What we learned through research
Hardware constraints can be design advantages. MX Ink wasn't built for surgery — but its limitations (single-point input, pen form factor, moderate haptics) actually mirror real surgical instruments more closely than multi-button VR controllers.
The market is ready. Osso VR raised $66M. FundamentalVR raised $20M. The medical simulation market is $15B and growing 15% annually. Meta launched Meta for Education in 2025, pushing Quest into institutional markets. Studies show 80% reduction in training accidents with immersive simulation.

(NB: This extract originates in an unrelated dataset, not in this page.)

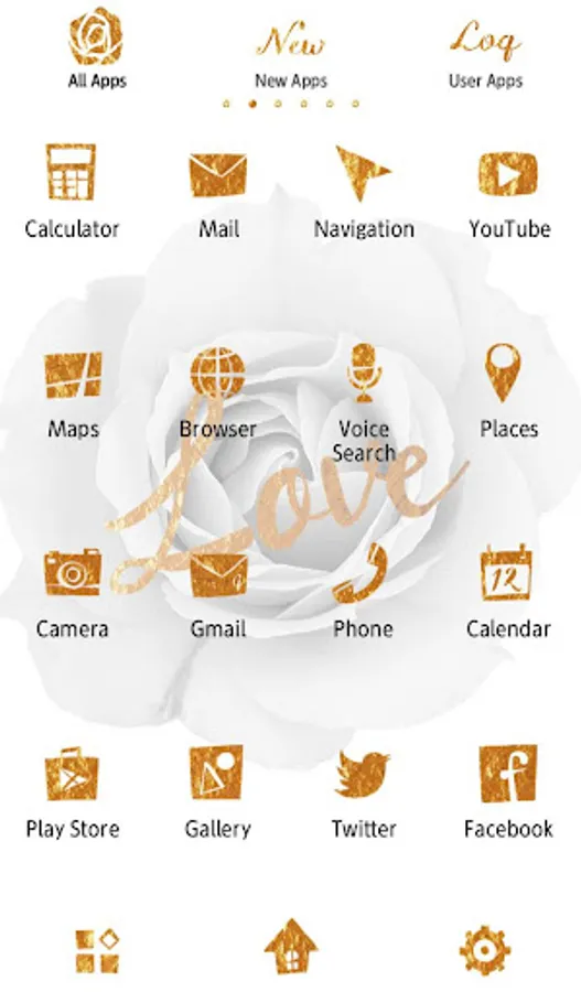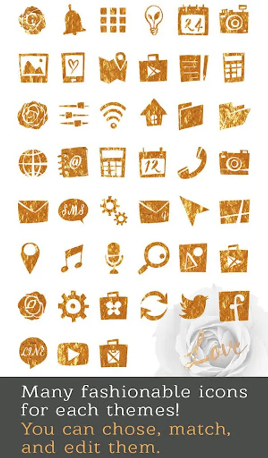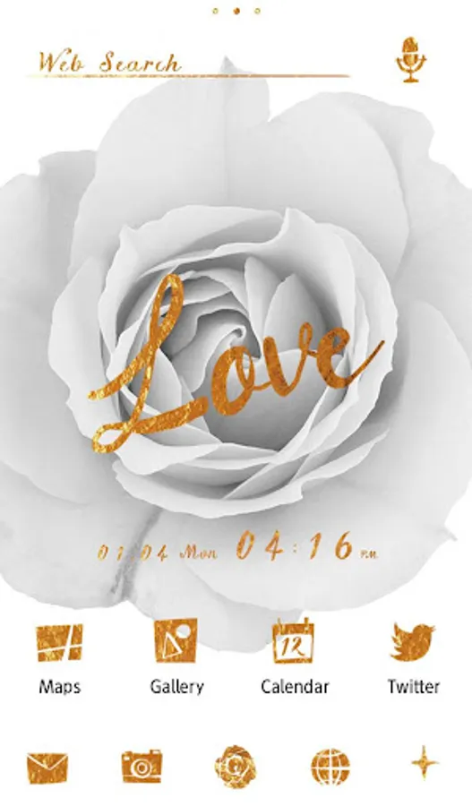 This stylish theme has an artsy black and white rose with gold text. Bring some style to your smartphone with this theme!

The gap is clear. No existing solution combines mixed reality with a precision pressure-sensitive stylus. The hardware exists. The market exists. The need is urgent.
What's next for ScrubIn
Now (0–3 months) Build functional prototype with 2–3 core procedures (appendectomy, central line placement, chest tube insertion). Begin conversations with surgical residency programs for pilot testing.

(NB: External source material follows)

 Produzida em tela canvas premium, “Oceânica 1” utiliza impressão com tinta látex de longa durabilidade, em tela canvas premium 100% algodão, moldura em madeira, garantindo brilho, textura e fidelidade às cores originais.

Soon (6–12 months) Expand to 5+ procedures. Add multiplayer mentor mode — an attending annotates in real-time while a resident operates. Submit to Meta App Store for enterprise/education distribution. Hospital LMS integration.
Later Device company partnerships where instrument manufacturers (J&J, Stryker, Medtronic) build branded training modules. Expand into interventional radiology, dentistry, and veterinary medicine. Pursue FDA clearance as a certified assessment tool. Partner with Logitech to explore a medical-grade MX Ink variant with enhanced haptics.
The medical simulation market is $15B and growing 15% annually. ScrubIn is positioned to define stylus-based surgical training — and MX Ink is the hardware that makes it possible.